— Problem to work on —
Using the listing below, print the line containing "Up-to-date and comprehensive", the line containing "This beautiful villa, surrounded", and each line between them, exactly and nothing else. Pictures stay out of the print.

======== Provided entries ========

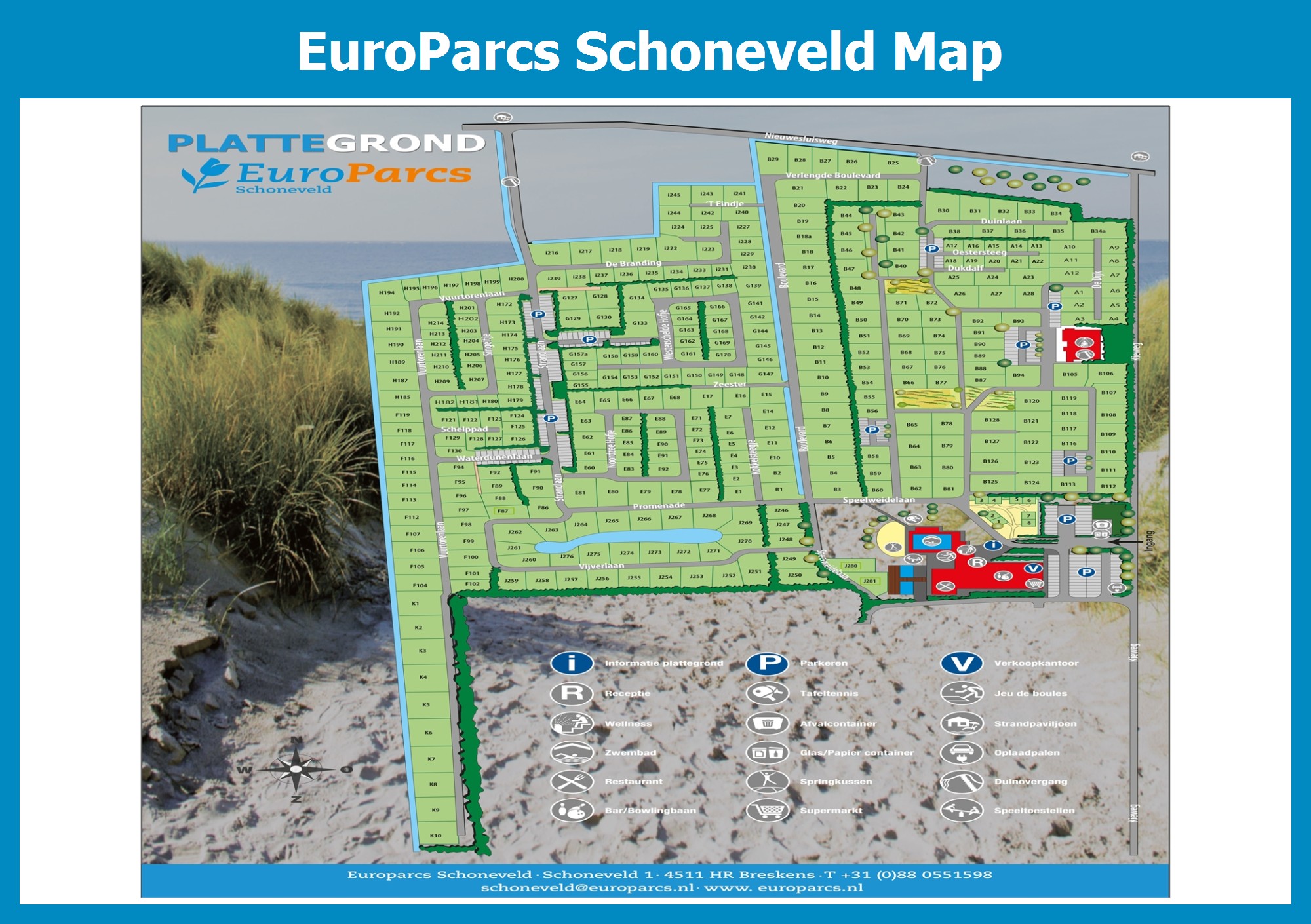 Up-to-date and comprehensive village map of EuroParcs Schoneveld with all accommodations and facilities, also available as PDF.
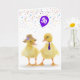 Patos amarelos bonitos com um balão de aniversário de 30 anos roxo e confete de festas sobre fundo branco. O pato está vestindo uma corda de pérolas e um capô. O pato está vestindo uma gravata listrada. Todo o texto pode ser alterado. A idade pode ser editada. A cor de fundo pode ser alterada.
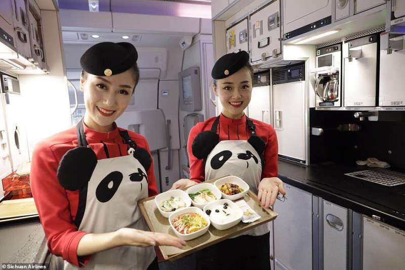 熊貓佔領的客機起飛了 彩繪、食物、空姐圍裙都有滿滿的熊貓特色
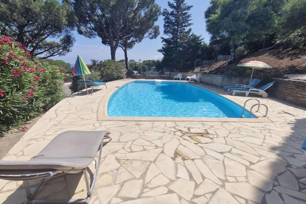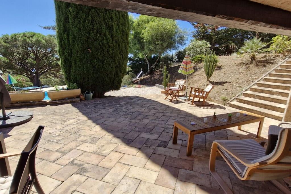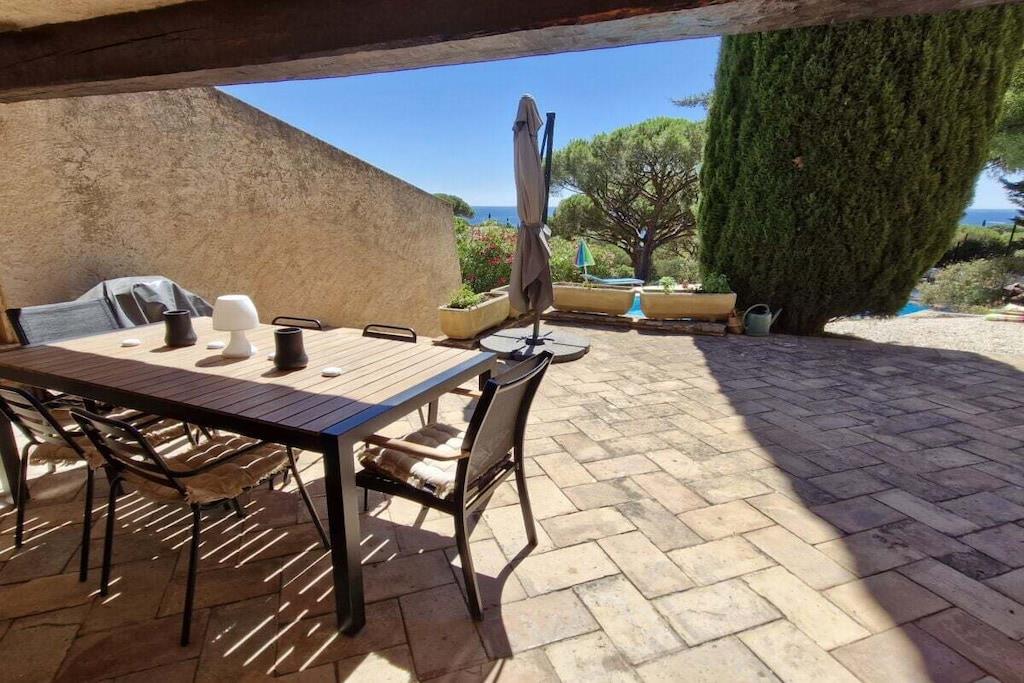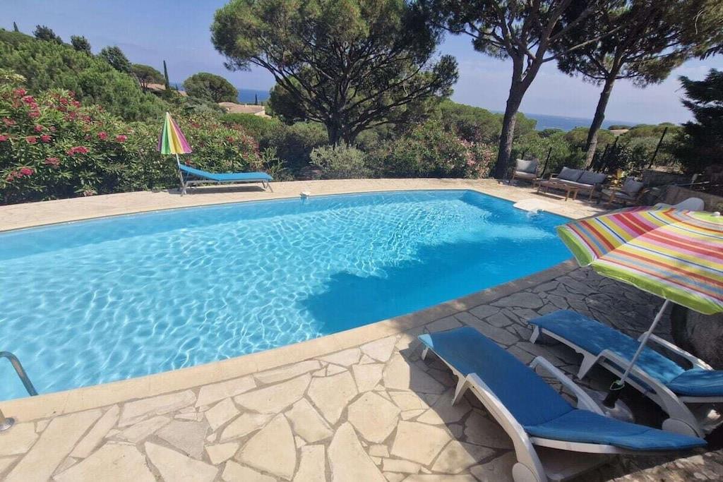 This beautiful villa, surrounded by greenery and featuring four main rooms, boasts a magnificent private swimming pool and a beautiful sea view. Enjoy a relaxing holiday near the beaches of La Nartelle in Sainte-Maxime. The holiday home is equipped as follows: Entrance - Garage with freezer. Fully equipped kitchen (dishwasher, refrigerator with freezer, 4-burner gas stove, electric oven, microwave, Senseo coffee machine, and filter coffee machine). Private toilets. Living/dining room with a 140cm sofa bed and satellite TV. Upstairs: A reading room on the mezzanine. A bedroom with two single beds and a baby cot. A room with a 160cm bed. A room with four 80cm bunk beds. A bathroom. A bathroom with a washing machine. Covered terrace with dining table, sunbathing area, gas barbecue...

========
======== Provided entries ========

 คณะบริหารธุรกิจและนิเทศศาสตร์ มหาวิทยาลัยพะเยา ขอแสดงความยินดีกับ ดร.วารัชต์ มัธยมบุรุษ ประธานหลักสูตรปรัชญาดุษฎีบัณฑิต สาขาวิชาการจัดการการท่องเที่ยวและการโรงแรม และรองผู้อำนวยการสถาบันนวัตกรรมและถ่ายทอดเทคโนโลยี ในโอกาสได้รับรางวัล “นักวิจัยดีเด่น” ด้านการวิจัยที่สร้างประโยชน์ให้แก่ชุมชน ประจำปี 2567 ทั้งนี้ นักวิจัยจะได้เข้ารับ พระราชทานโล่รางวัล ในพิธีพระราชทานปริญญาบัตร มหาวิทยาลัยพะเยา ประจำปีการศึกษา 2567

========

— Output for this exercise —
 Up-to-date and comprehensive village map of EuroParcs Schoneveld with all accommodations and facilities, also available as PDF.
 Patos amarelos bonitos com um balão de aniversário de 30 anos roxo e confete de festas sobre fundo branco. O pato está vestindo uma corda de pérolas e um capô. O pato está vestindo uma gravata listrada. Todo o texto pode ser alterado. A idade pode ser editada. A cor de fundo pode ser alterada.
 熊貓佔領的客機起飛了 彩繪、食物、空姐圍裙都有滿滿的熊貓特色
 This beautiful villa, surrounded by greenery and featuring four main rooms, boasts a magnificent private swimming pool and a beautiful sea view. Enjoy a relaxing holiday near the beaches of La Nartelle in Sainte-Maxime. The holiday home is equipped as follows: Entrance - Garage with freezer. Fully equipped kitchen (dishwasher, refrigerator with freezer, 4-burner gas stove, electric oven, microwave, Senseo coffee machine, and filter coffee machine). Private toilets. Living/dining room with a 140cm sofa bed and satellite TV. Upstairs: A reading room on the mezzanine. A bedroom with two single beds and a baby cot. A room with a 160cm bed. A room with four 80cm bunk beds. A bathroom. A bathroom with a washing machine. Covered terrace with dining table, sunbathing area, gas barbecue...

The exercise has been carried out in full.